Abstract: We recently reported that the sialic acid-specific binding sites of CD22 molecules on B cells are masked by endogenous ligands, and can be unmasked by sialidase treatment or cellular activation. Here, we show that many other human blood leukocyte types have endogenous sialic acid binding sites that can be unmasked by sialidase treatment. Truncation of sialic acid side chains on the soluble probes used for detection abolishes all binding, indicating the specificity of the interaction for the details of sialic acid structure. There is limited overlap between alpha2-6- and alpha2-3-sialic acid-specific binding sites, which are unmasked on monocytes, natural killer cells, a minority of mature T cells, neutrophils, and some cultured human leukemic cell lines. Activation with phorbol ester and calcium ionophore causes spontaneous exposure of some of the binding sites, occurring over a period of minutes on neutrophils and several hours on monocytes and U937 leukemia cells. Activation is accompanied by some evidence for desialylation of cell surface molecules. Thus, many human blood cells have specific binding sites for sialic acids, masked by endogenous sialylated ligands. Cellular activation can unmask these sites, possibly by the action of an endogenous sialidase. The nearly universal masking of such sites in unactivated blood cells could explain why many of these sialic acid-binding lectins have not been previously discovered. Similar considerations may apply to sialic acid binding lectins of other cell types and tissues.

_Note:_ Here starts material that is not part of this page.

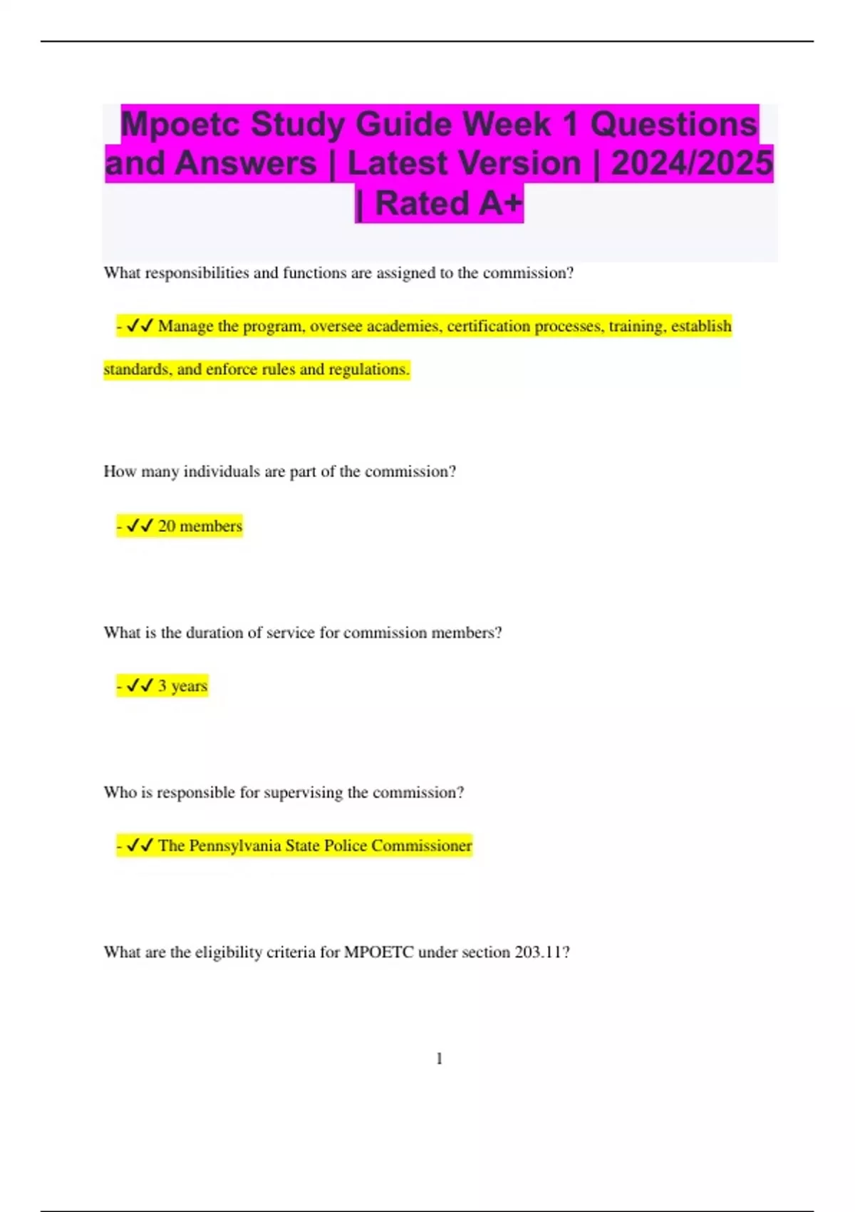 Mpoetc Study Guide Week 1 Questions and Answers | Latest Version | 2024/2025 | Rated A+ What responsibilities and functions are assigned to the commission? - Manage the program, oversee academies, certification processes, training, establish standards, and enforce rules and regulations. How many individuals are part of the commission? - 20 members What is the duration of service for commission members? - 3 years Who is responsible for supervising the commission? - The Pennsylvania State Police Commissioner What are the eligibility criteria for MPOETC under section 203.11? 2 - Must be at least 18 years old, hold a high school diploma, be a U.S. citizen, have no disqualifying criminal convictions, pass a physical exam, be free from drug and alcohol use, and succeed in psychological, hearing, and vision tests. How long is a certification valid for? - 2 years What conditions can lead to the revocation of certification? - Being convicted of a crime, failing to perform duties, not maintaining certification requirements, cheating, or having significant physical or psychological issues. What are the mandatory in-service training requirements? - Annual firearms training, first aid and CPR, and yearly academy training as mandated by MPOETC. How many hours of training does MPOETC mandate each year for in-service officers? - 12 hours What are the different systems utilized in law enforcement? 3 - Value system, moral system, and belief system What components are encompassed in police work? - The Pennsylvania Crimes Code Title 18, Pennsylvania Criminal Rules, statutory laws of the Commonwealth, case law, and authority as defined in the Municipal Police Jurisdiction Act. What role do police officers play

De-N-acetyl-gangliosides in humans: unusual subcellular distribution of a novel tumor antigen.

Abstract: The disialoganglioside GD3 is a major antigen in human melanomas that can undergo 9-O-acetylation of the outer sialic acid (giving 9-OAc-GD3). Monoclonal antibody SGR37 detects a different modification of the GD3, de-N-acetylation of the 5-N-acetyl group (giving de-N-Ac-GD3). We found that conventional immunohistochemistry of the SGR37 antigen is limited by a reduction in reactivity upon fixation with aldehydes (which presumably react with the free amino group) or with organic reagents (which can extract glycolipids). We optimized conditions for detection of this antigen in unfixed frozen tissue sections and studied its distribution in human tissues and tumors. It is expressed at low levels in a few blood vessels, infiltrating mononuclear cells in the skin and colon, and at moderate levels in skin melanocytes. In contrast, the antigen accumulates at high levels in many melanomas and in some lymphomas but not in carcinomas. In positive melanomas, expression is sometimes more intense and widespread than that of GD3. Both 9-O-acetylation and de-N-acetylation of GD3 seem to occur after its initial biosynthesis. Isotype-matched antibodies against GD3, 9-O-acetyl-GD3 and de-N-acetyl-GD3 were used to compare their subcellular localization and trafficking. 9-O-acetyl-GD3 colocalizes with GD3 predominantly on the cell surface and partly in lysosomal compartments. In contrast, de-N-acetyl-GD3 has a diffuse intracellular location. Adsorptive endocytosis of antibodies indicates that whereas GD3 remains predominantly on the cell surface, de-N-acetyl-GD3 is efficiently internalized into a compartment that is distinct from lysosomes. Rounding up of melanoma cells occurring during growth in culture is associated with relocation of the internal pool of de-N-acetyl-GD3 to the cell surface. Thus, a minor modification of the polar head group of a tumor-associated glycosphingolipid can markedly affect the subcellular localization and trafficking of the whole molecule. The high levels of the SGR37 antigen in melanomas and lymphomas, its selective endocytosis from the cell surface, and its relocation to the cell surface of rounded up cells suggest potential uses in diagnostic or therapeutic approaches to these diseases.